Saving Port Moresby by David W Cameron

SavingPortMoresby

Saving Port Moresby

Fighting at the end of the Kokoda Track
By David W Cameron

Published by Big Sky Publishing
RRP $32.99 in paperback
ISBN 9781922765611

Saving Port Moresby is the second of David Cameron’s three books commemorating the 80th anniversary of the battles in New Guinea. The first book, The Battle of Isurava, featured on this blog previously LINK HERE. The third book is Retaking Kokoda, all from Big Sky Publishing.

It’s 1942 and Japanese Major General Horii Tomitarô, commanding the South Seas Force, having taken the Kokoda Plateau in late July, was tasked with entering the Owen Stanley Range to capture Port Morseby.

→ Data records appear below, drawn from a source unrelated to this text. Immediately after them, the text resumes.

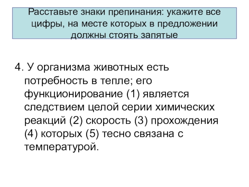 4. У организма животных есть потребность в тепле; его функционирование (1) является следствием целой серии химических реакций (2) скорость (3) прохождения (4) которых (5) тесно связана с температурой.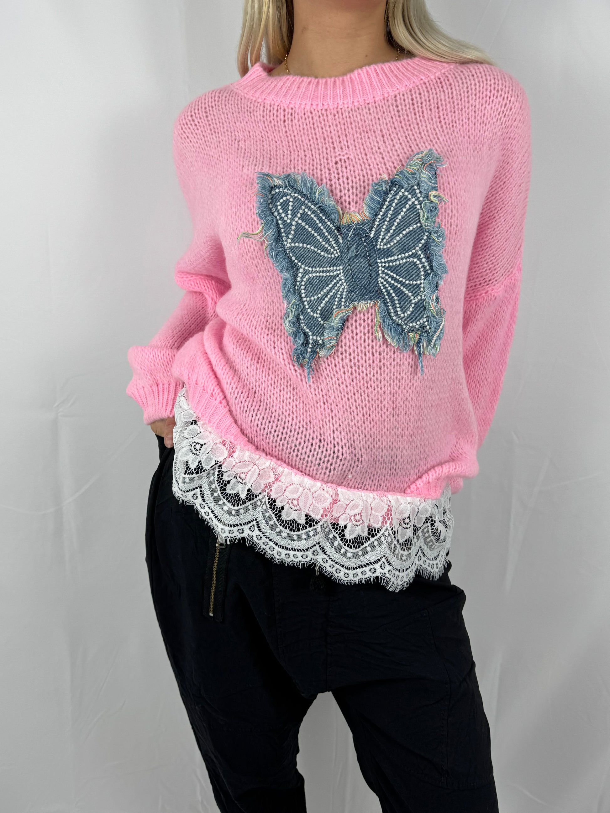 Locker geschnittenes Strick Shirt mit auffälliger Schmetterlings-Applikation auf der Vorderseite. Der feine Strick wird am Saum durch einen Spitzenabschluss ergänzt und verleiht dem Modell einen besonderen Layer-Look. Bequem, weich und ideal für Alltag und Freizeit.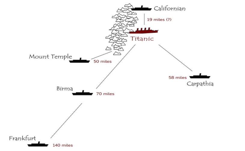 当泰坦尼克号发生事故时,离它最近的是美国的一艘货船“加州人号”(SS Californian,又名加利福尼亚号)。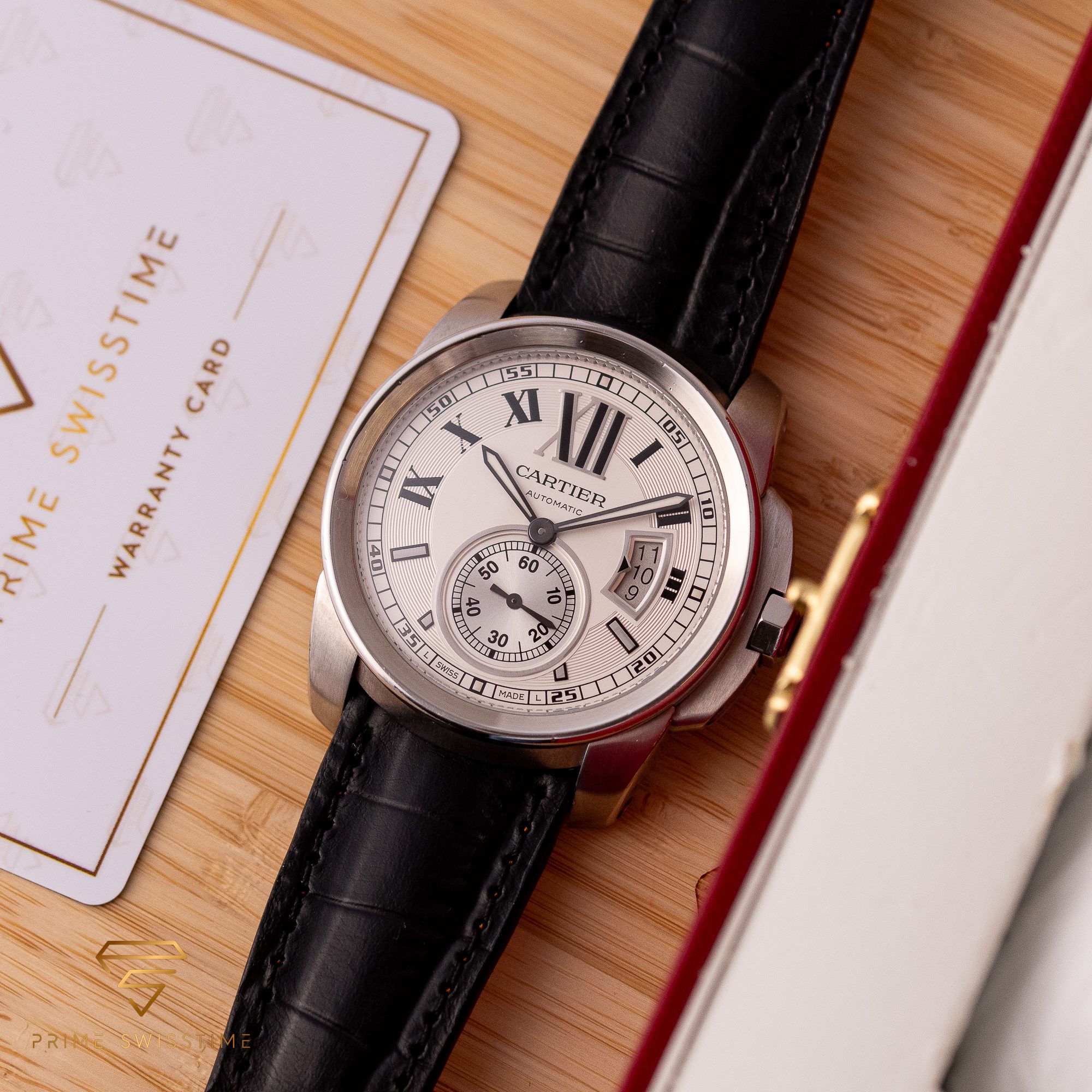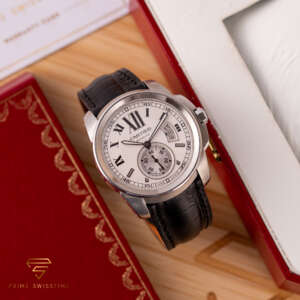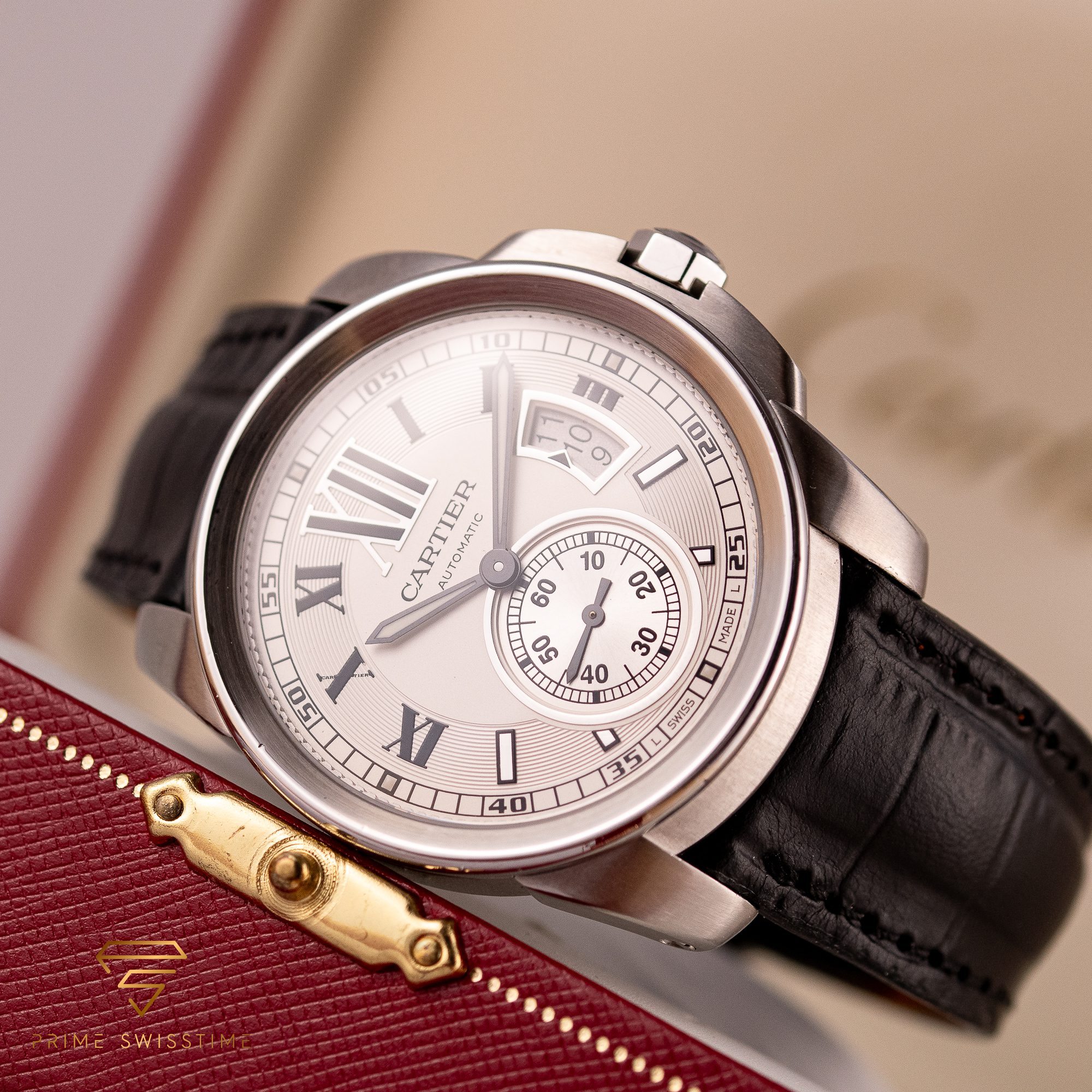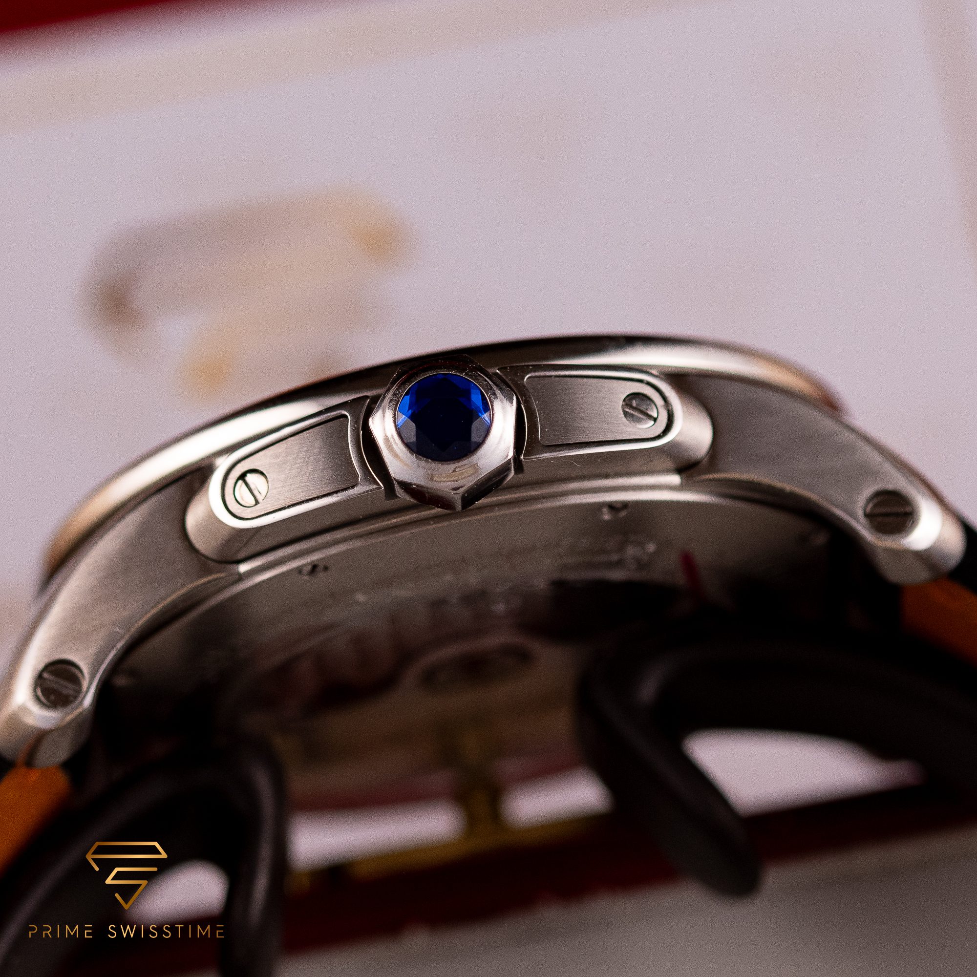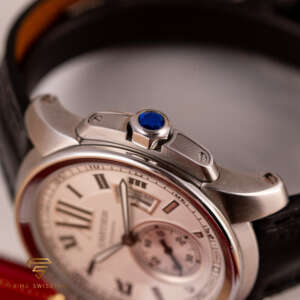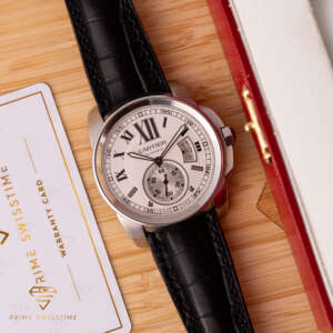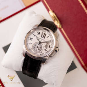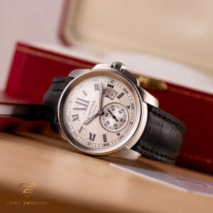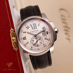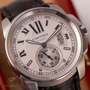 The Cartier Calibre de Cartier, ref. 3389, is a bold and sophisticated timepiece that combines the brand’s signature elegance with a modern sporty edge. Powered by Cartier’s in-house 1904-PS MC automatic movement, this watch offers precision, reliability, and expert craftsmanship.

After the battles for Deniki and Isurava, his troops were pushing south through the mountains. After fighting a delaying action at Templeton’s Crossing, the Australians took up a position along Mission Ridge, just south of Efogi Village.

Horii and his battalions attacked and after two days of bloody hand-to-hand fighting, the Australians were forced to withdraw. To the veterans who fought here the battle would become known as ‘Butcher’s Corner’.

After several further delaying actions, Brigadier Arnold Potts and his men took up a position on Ioribaiwa Ridge, just 50 kilometres north of Port Moresby. His brigade by now numbered fewer than 300 men. Here they were reinforced with the men of the 25th Brigade.

Horii decided that he would establish himself at Ioribaiwa Ridge as his base for operations against the township. After a week of fighting the Japanese cut through the centre right flank of the Australian 25th Brigade, forcing the Australians to fall back to Imita Ridge, the last defensible ridge in the Owen Stanleys immediately behind lay Port Moresby. Potts, however, never considered that the capture of Moresby by the enemy from the north was possible.

The author delivers a harsh critique of Major General Sir Thomas Blamey, accusing him of using others as scapegoats to hide his own significant failings.

VERDICT: This book brims with the detail many readers will find engaging and interesting.